___ Stored data

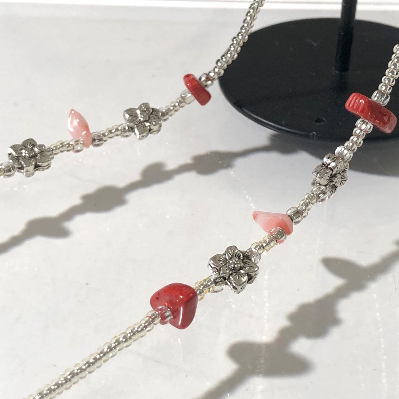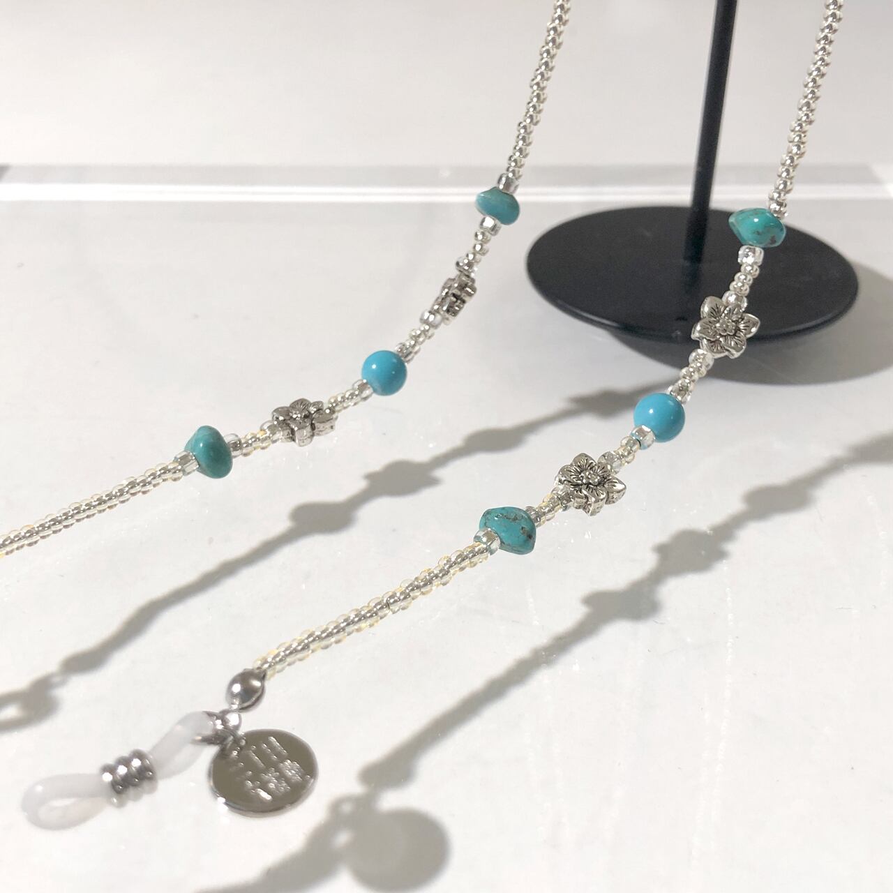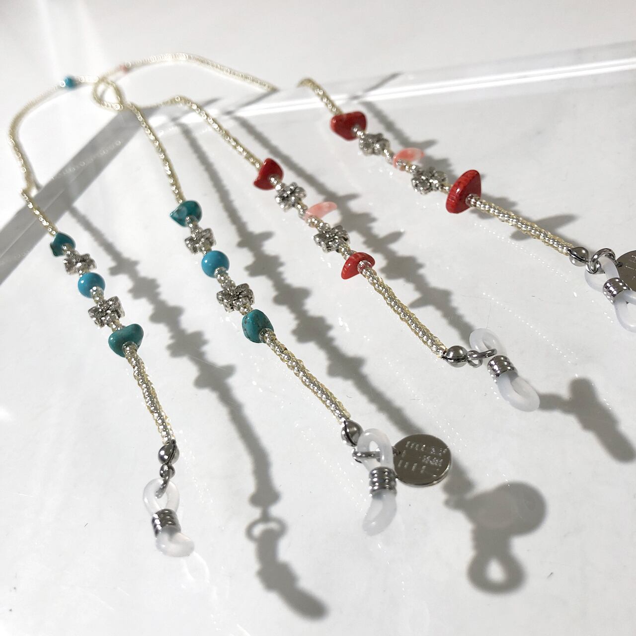 素材:ガラスビーズ・ターコイズ・サンゴ・合金・真鍮・シリコン
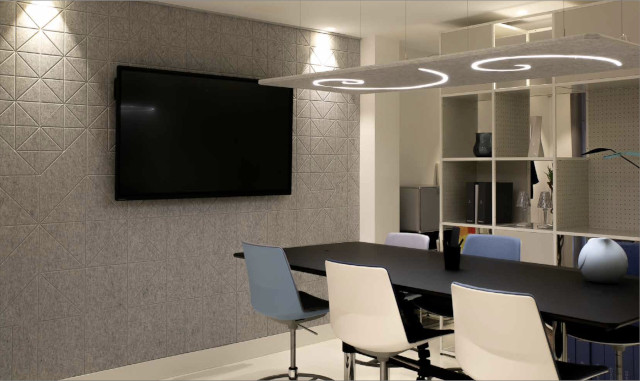 Debido a la tendencia de diseño de trabajo en equipo tipo «OPEN SPACES», de espacios abiertos y comunes, sin distincion de categorias o espacios entre compañeros, cada dia se ha vuelto mas importante mantener nuestras oficinas, lo mas aisladas acusticamente posible, para evitar interferencias entre compañeros y los llamados ruidos molestos que pueden complicar y mucho el trabajo del dia a dia en muchas oficinas. Es por ello que en los ultimos años se han multiplicado los productos diseñados para este fin. Paneles acusticos que multitud de diseños, colores y formas. Para mas informacion , le recomendamos que contacte con nuestro departamento comercial.
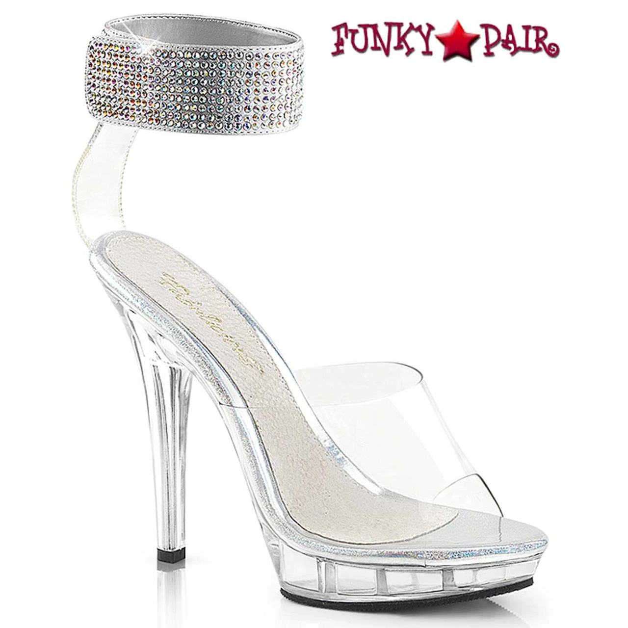 Lip-142 Approximately 5 inch high heel featuring wide ankle cuff fully cover with rhinestones | Brand: Fabulicious
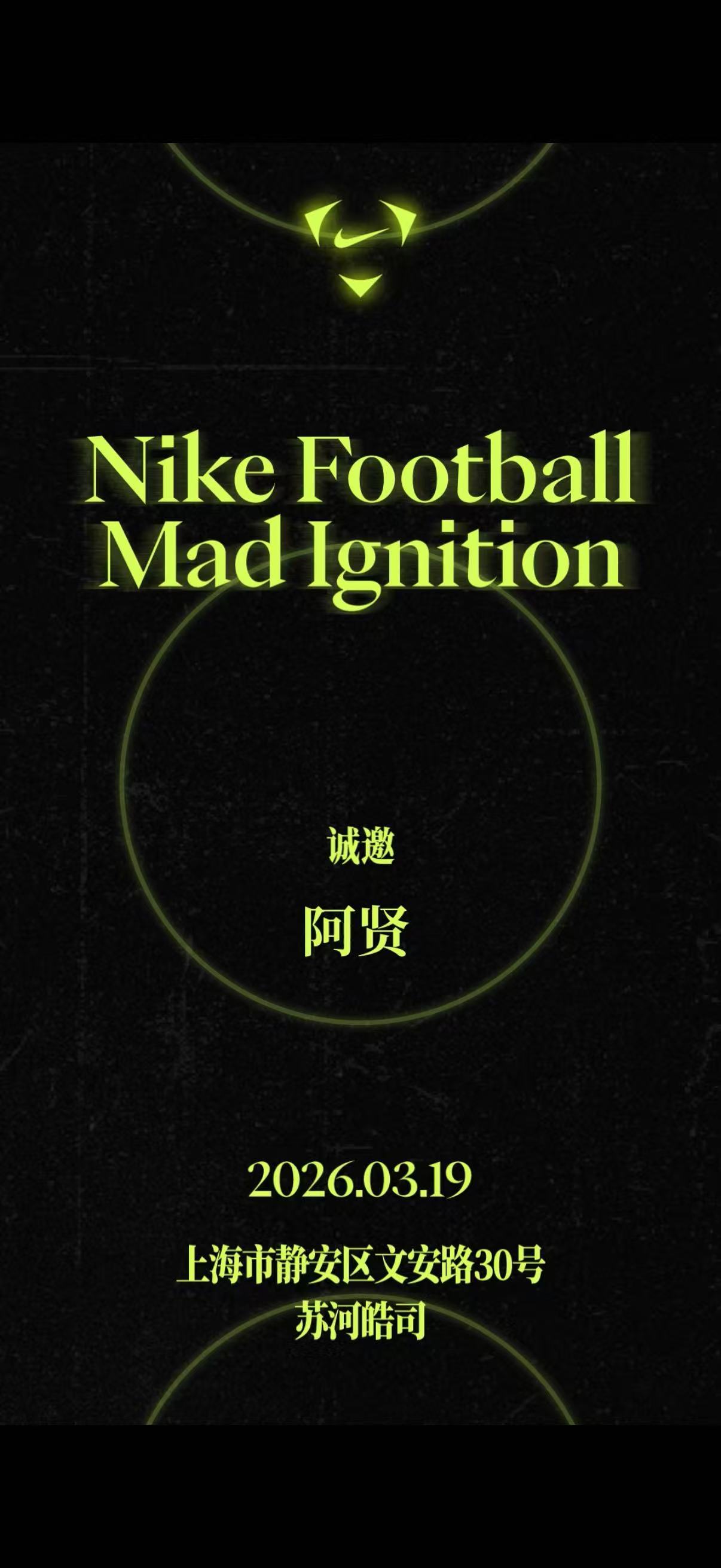 上海足球周末(世界杯球衣发布)耐克:📅 2026 年 3 月 20 日🗺️ 上海市静安区文安路 30 号 SUHE HAUS 1F/5F⏰ 15:00 - 22:00(晚上 9 点停止入场)阿迪达斯:📅 2026 年 3 月 21 -22日🗺️ 上海市黄浦区吉安路太仓路交叉口新天地喇格纳小学⏰ 12:30 - 21:00贤聊球衣世界杯

______

Both the line above containing "Debido a la" and the line containing "Lip-142 Approximately 5" belong in the copy, along with every line between them; print these exactly and omit the pictures.

 Debido a la tendencia de diseño de trabajo en equipo tipo «OPEN SPACES», de espacios abiertos y comunes, sin distincion de categorias o espacios entre compañeros, cada dia se ha vuelto mas importante mantener nuestras oficinas, lo mas aisladas acusticamente posible, para evitar interferencias entre compañeros y los llamados ruidos molestos que pueden complicar y mucho el trabajo del dia a dia en muchas oficinas. Es por ello que en los ultimos años se han multiplicado los productos diseñados para este fin. Paneles acusticos que multitud de diseños, colores y formas. Para mas informacion , le recomendamos que contacte con nuestro departamento comercial.
 Lip-142 Approximately 5 inch high heel featuring wide ankle cuff fully cover with rhinestones | Brand: Fabulicious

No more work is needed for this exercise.